I think it's a passion project for the founder, who built his career on JS and is offended that Oracle (a company famous for deploying lawyers instead of technological expertise) claims to control it.
I think it's a little more than a passion project since it's posted on the official deno blog. I don't think it's a net negative of a pursuit, but I follow the founder of bun on twitter and he just keeps shipping shit whereas the most I hear from Deno is this lawsuit.
I'm not saying Deno doesn't have merits, I just wonder if this is the thing they should be focused on
Maybe don't trust your Twitter feed to be a balanced information diet.

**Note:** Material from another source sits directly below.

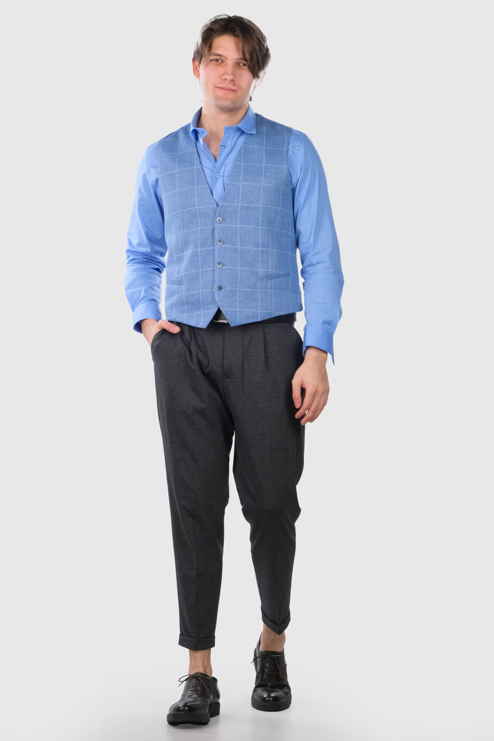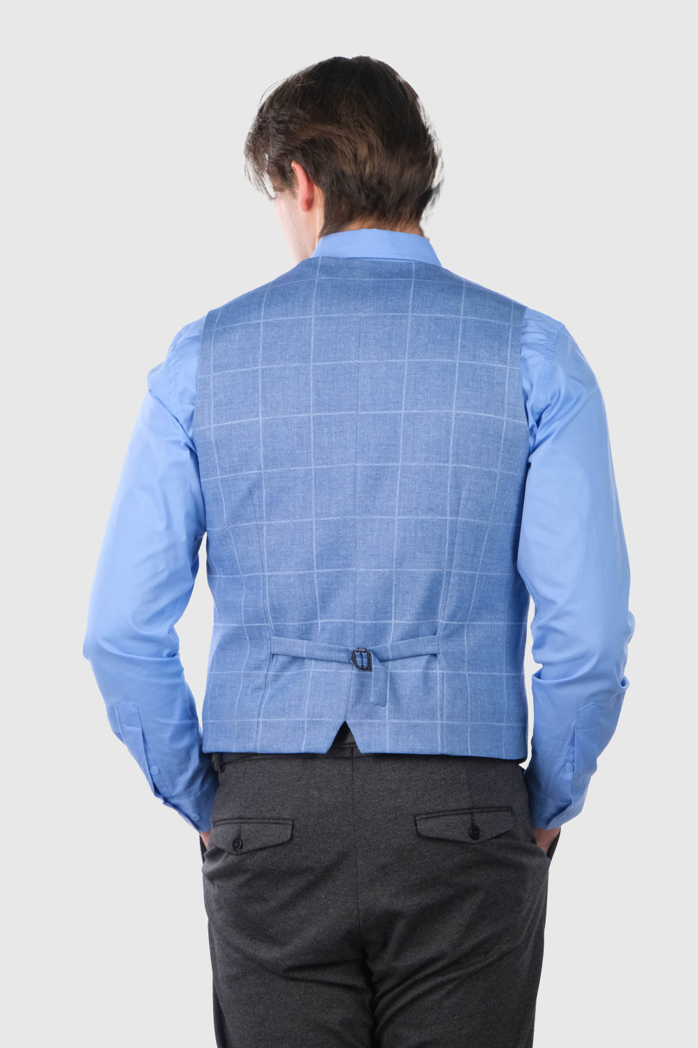 Justino голубая классическая клетчатая жилетка

But yes, Bun's current strategy is "churn out code" whereas Deno has a different pace and approach. They're trying to build different things, and have a lot less catch-up to play than Bun.
> But yes, Bun's current strategy is "churn out code" whereas Deno has a different pace and approach. They're trying to build different things, and have a lot less catch-up to play than Bun.

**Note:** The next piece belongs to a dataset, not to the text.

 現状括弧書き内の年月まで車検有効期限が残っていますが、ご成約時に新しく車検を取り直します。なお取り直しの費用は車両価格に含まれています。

Are they trying to build different things? I feel like they're direct competitors.
Are you a Deno user? Curious what your experience has been
Deno 2 was a major release entirely about shoring up Node compatibility. That's arguably a big reason for why Bun seems to have a higher velocity right now of the trio. Deno put in a ton of engineering into Node/npm compatibility, it shows, and right now I would recommend trying Deno as having suprisingly few compatibility/ecosystem issues remaining.
(Deno has not stayed entirely still, other new features were added outside of that compatibility effort, but Bun doesn't have Node compatibility as much as a goal today and so gets the fast mover award.)
I started using Deno in hobby projects because I like the out-of-the-box defaults a lot better than Node (deno.json is a lot simpler than a lot of the cruft that package.json has acquired, but also includes more things in one place like out of the box eslint support [deno lint] and prettier-equivalent [deno fmt]). Also, Deno Deploy has a generous free tier and that's a healthy incentive for hobby projects that want a modest database (Deno KV) and basic task processing queues.
I also used Deno for some side projects before 1.0 and I really like it. Especially its focus on web stanrards, and yes, being an all-in-one tool. But I don't have the time or inclination for a lot of side projects these days.
I actually feel much more warmly to Deno than Bun, and would use it if I felt like it made sense. I tried to avoid advocating either way in my former posts in this thread. But regardless of my personal feelings, at work pragmatism rules the day.